### Exercise objective:
Please give back the listing below word for word and drop any images.

### Supplied data:
____

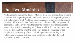 From the book of Mosiah to the first part of 3 Nephi, Mormon told tales of apostates. Some may have completely adopted foreign gods. Some, however, such as the priests of Noah, continued to teach the Law of Moses. The language of the Title Page is so familiar to modern readers that we easily miss the reason that it is such an important part of Mormon’s message. The very first statement is that Jesus is the Christ. In more time-appropriate language, this would be Jesus is the Messiah. That shifts the framing of the concept just a little for a modern reader. This shift is to dramatically reframe.
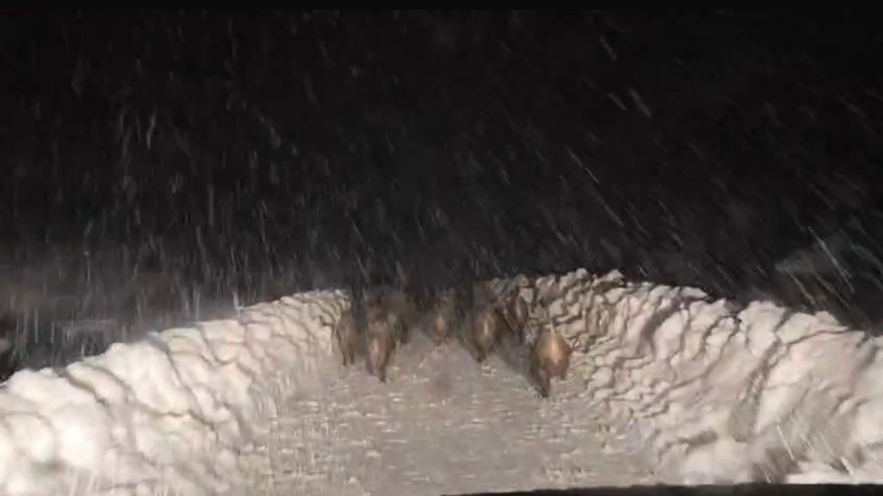 İl Özel İdaresi ekiplerinin Çeltikyolu köyünde karla mücadele çalışmaları sırasında yolda ilerleyen yaban domuzu sürüsü görüldü. O anlar cep telefonu kamerasıyla kaydedildi. Görüntüde, sürücünün karlı yolda koşarak ilerleyen domuzlara 'yol verin' diye seslenmesi de yer aldı.
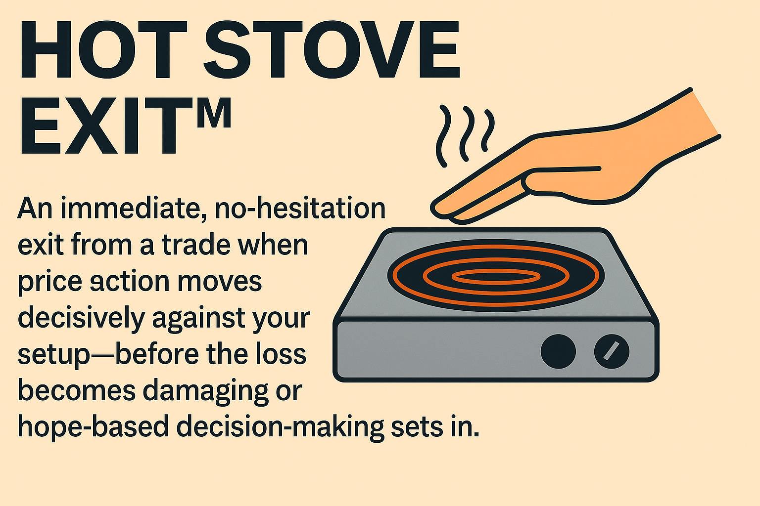 A Hot Stove Exit™ is an immediate, no-hesitation exit when a trade starts to go wrong—before the damage becomes emotional, financial, or existential. It’s not a panic move. It’s a power move. It’s instinct honed by discipline.
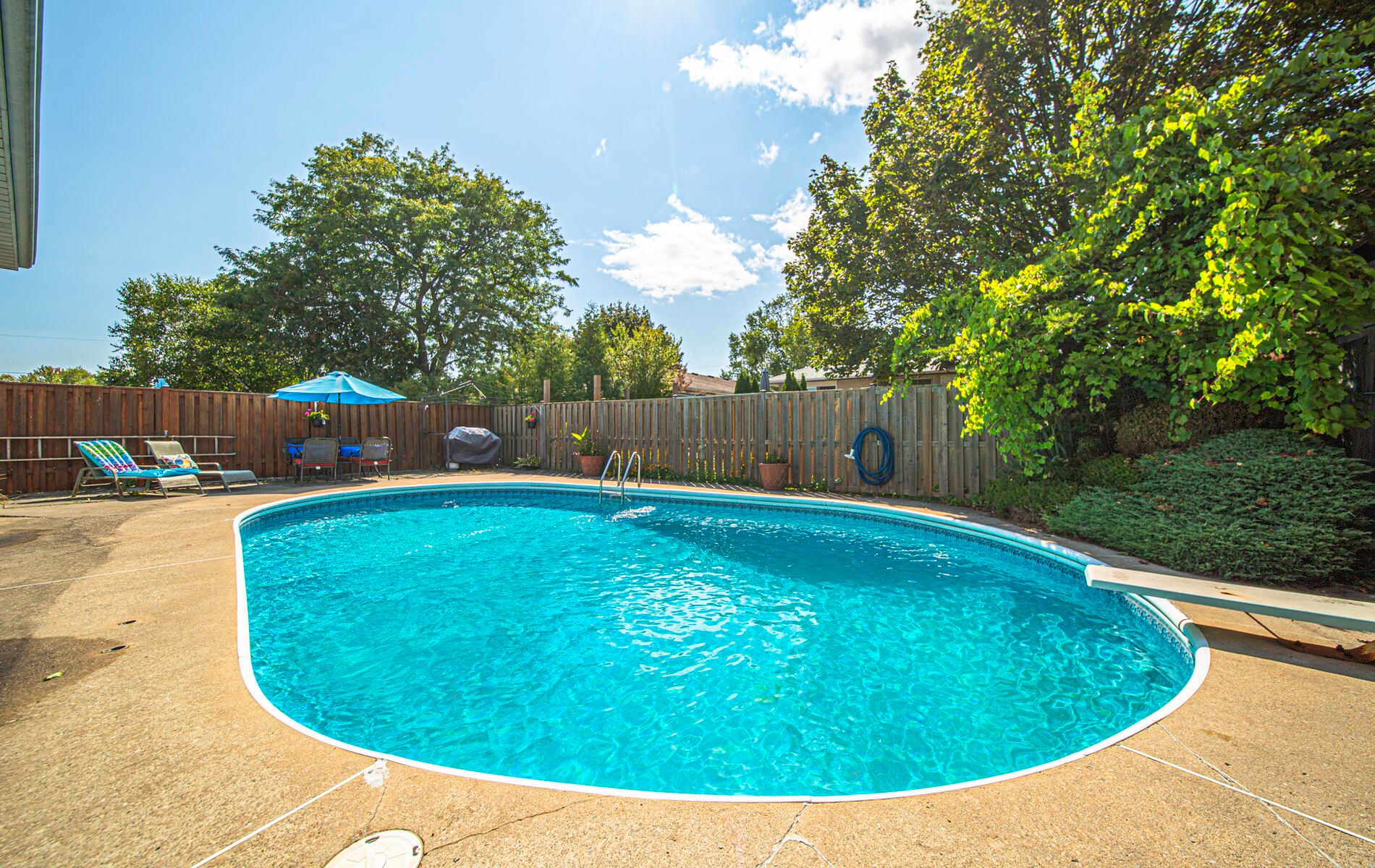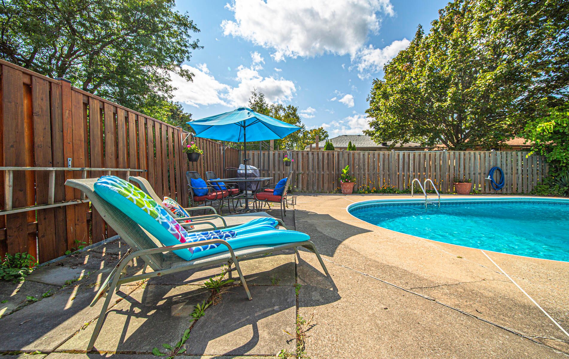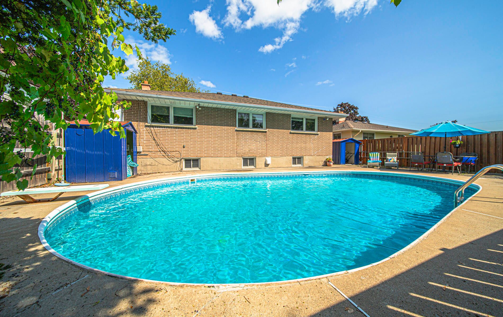 • Private fenced backyard with inground pool, two sheds, and plenty of outdoor space.

____

### Task answer:
 From the book of Mosiah to the first part of 3 Nephi, Mormon told tales of apostates. Some may have completely adopted foreign gods. Some, however, such as the priests of Noah, continued to teach the Law of Moses. The language of the Title Page is so familiar to modern readers that we easily miss the reason that it is such an important part of Mormon’s message. The very first statement is that Jesus is the Christ. In more time-appropriate language, this would be Jesus is the Messiah. That shifts the framing of the concept just a little for a modern reader. This shift is to dramatically reframe.
 İl Özel İdaresi ekiplerinin Çeltikyolu köyünde karla mücadele çalışmaları sırasında yolda ilerleyen yaban domuzu sürüsü görüldü. O anlar cep telefonu kamerasıyla kaydedildi. Görüntüde, sürücünün karlı yolda koşarak ilerleyen domuzlara 'yol verin' diye seslenmesi de yer aldı.
 A Hot Stove Exit™ is an immediate, no-hesitation exit when a trade starts to go wrong—before the damage becomes emotional, financial, or existential. It’s not a panic move. It’s a power move. It’s instinct honed by discipline.
 • Private fenced backyard with inground pool, two sheds, and plenty of outdoor space.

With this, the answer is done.